Entries taken from a collection:
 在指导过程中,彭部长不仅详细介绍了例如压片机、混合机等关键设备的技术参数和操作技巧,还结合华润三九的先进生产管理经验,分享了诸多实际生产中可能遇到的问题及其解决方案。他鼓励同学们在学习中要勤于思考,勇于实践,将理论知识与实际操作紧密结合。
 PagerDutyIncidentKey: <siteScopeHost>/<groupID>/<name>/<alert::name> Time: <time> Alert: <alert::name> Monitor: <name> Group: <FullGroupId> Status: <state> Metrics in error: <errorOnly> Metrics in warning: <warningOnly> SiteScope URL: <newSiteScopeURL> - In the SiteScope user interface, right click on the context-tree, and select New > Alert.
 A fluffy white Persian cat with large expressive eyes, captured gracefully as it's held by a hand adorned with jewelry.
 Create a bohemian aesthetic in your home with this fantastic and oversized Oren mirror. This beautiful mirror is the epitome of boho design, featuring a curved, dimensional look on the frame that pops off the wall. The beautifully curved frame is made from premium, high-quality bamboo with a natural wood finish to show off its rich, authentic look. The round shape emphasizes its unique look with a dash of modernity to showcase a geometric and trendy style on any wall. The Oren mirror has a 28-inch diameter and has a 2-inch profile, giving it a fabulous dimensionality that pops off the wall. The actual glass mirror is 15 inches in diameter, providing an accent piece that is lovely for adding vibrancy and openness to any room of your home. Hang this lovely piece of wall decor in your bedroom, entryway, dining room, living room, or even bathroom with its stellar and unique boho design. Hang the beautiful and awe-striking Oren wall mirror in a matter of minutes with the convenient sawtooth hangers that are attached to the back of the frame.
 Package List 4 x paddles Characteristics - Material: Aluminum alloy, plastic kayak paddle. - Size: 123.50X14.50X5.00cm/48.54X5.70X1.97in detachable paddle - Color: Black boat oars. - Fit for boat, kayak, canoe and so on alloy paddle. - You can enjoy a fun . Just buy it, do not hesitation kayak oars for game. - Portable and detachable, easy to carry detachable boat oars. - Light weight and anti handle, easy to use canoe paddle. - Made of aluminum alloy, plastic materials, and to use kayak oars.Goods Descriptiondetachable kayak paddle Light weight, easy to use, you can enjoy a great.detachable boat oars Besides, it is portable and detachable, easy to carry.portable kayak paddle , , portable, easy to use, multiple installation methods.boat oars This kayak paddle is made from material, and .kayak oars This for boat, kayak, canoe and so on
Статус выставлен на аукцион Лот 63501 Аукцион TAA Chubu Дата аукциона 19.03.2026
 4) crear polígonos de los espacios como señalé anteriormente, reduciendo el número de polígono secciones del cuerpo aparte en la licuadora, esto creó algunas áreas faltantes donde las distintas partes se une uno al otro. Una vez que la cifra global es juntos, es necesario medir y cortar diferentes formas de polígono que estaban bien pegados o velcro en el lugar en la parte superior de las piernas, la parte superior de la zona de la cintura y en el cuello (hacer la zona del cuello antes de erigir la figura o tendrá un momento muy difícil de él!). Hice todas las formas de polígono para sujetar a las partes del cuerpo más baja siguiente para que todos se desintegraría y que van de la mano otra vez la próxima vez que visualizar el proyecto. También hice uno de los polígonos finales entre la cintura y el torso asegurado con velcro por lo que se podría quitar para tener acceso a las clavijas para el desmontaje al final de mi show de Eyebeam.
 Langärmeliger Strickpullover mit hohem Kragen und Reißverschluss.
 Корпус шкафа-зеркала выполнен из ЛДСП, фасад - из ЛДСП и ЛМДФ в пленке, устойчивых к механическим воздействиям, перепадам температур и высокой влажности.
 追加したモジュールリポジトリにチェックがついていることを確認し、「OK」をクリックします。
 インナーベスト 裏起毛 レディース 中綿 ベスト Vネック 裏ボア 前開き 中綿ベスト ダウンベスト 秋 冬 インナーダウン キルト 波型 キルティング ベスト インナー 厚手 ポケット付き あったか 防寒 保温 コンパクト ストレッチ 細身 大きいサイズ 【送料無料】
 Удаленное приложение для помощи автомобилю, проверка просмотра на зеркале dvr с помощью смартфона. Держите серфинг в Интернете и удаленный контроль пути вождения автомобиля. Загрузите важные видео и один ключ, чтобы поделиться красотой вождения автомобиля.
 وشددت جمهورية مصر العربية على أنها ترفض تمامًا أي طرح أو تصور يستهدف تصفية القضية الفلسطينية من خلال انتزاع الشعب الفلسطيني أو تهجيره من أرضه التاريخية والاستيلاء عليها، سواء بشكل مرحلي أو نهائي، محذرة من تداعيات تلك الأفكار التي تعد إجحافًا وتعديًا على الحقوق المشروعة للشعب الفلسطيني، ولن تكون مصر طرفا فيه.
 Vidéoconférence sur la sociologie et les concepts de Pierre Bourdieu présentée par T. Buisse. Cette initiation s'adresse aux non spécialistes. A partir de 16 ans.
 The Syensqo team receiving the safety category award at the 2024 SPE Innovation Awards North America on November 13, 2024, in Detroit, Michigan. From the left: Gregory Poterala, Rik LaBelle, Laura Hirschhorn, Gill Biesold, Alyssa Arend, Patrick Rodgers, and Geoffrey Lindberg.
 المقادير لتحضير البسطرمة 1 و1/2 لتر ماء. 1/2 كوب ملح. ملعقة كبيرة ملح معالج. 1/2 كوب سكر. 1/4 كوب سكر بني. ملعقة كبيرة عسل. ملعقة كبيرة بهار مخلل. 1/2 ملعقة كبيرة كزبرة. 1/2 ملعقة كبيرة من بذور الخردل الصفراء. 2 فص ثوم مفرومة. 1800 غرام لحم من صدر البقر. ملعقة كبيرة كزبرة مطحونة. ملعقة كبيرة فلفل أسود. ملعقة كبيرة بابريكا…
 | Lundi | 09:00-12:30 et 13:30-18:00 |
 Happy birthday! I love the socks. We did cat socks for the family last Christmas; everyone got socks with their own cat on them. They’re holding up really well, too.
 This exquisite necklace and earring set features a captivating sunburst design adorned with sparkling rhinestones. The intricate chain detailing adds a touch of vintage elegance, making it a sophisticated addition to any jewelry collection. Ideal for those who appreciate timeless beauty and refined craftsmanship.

Task brief:
Reproduce exactly what appears from the line containing "Удаленное приложение для" down to the final line of the data.

Reply:
 Удаленное приложение для помощи автомобилю, проверка просмотра на зеркале dvr с помощью смартфона. Держите серфинг в Интернете и удаленный контроль пути вождения автомобиля. Загрузите важные видео и один ключ, чтобы поделиться красотой вождения автомобиля.
 وشددت جمهورية مصر العربية على أنها ترفض تمامًا أي طرح أو تصور يستهدف تصفية القضية الفلسطينية من خلال انتزاع الشعب الفلسطيني أو تهجيره من أرضه التاريخية والاستيلاء عليها، سواء بشكل مرحلي أو نهائي، محذرة من تداعيات تلك الأفكار التي تعد إجحافًا وتعديًا على الحقوق المشروعة للشعب الفلسطيني، ولن تكون مصر طرفا فيه.
 Vidéoconférence sur la sociologie et les concepts de Pierre Bourdieu présentée par T. Buisse. Cette initiation s'adresse aux non spécialistes. A partir de 16 ans.
 The Syensqo team receiving the safety category award at the 2024 SPE Innovation Awards North America on November 13, 2024, in Detroit, Michigan. From the left: Gregory Poterala, Rik LaBelle, Laura Hirschhorn, Gill Biesold, Alyssa Arend, Patrick Rodgers, and Geoffrey Lindberg.
 المقادير لتحضير البسطرمة 1 و1/2 لتر ماء. 1/2 كوب ملح. ملعقة كبيرة ملح معالج. 1/2 كوب سكر. 1/4 كوب سكر بني. ملعقة كبيرة عسل. ملعقة كبيرة بهار مخلل. 1/2 ملعقة كبيرة كزبرة. 1/2 ملعقة كبيرة من بذور الخردل الصفراء. 2 فص ثوم مفرومة. 1800 غرام لحم من صدر البقر. ملعقة كبيرة كزبرة مطحونة. ملعقة كبيرة فلفل أسود. ملعقة كبيرة بابريكا…
 | Lundi | 09:00-12:30 et 13:30-18:00 |
 Happy birthday! I love the socks. We did cat socks for the family last Christmas; everyone got socks with their own cat on them. They’re holding up really well, too.
 This exquisite necklace and earring set features a captivating sunburst design adorned with sparkling rhinestones. The intricate chain detailing adds a touch of vintage elegance, making it a sophisticated addition to any jewelry collection. Ideal for those who appreciate timeless beauty and refined craftsmanship.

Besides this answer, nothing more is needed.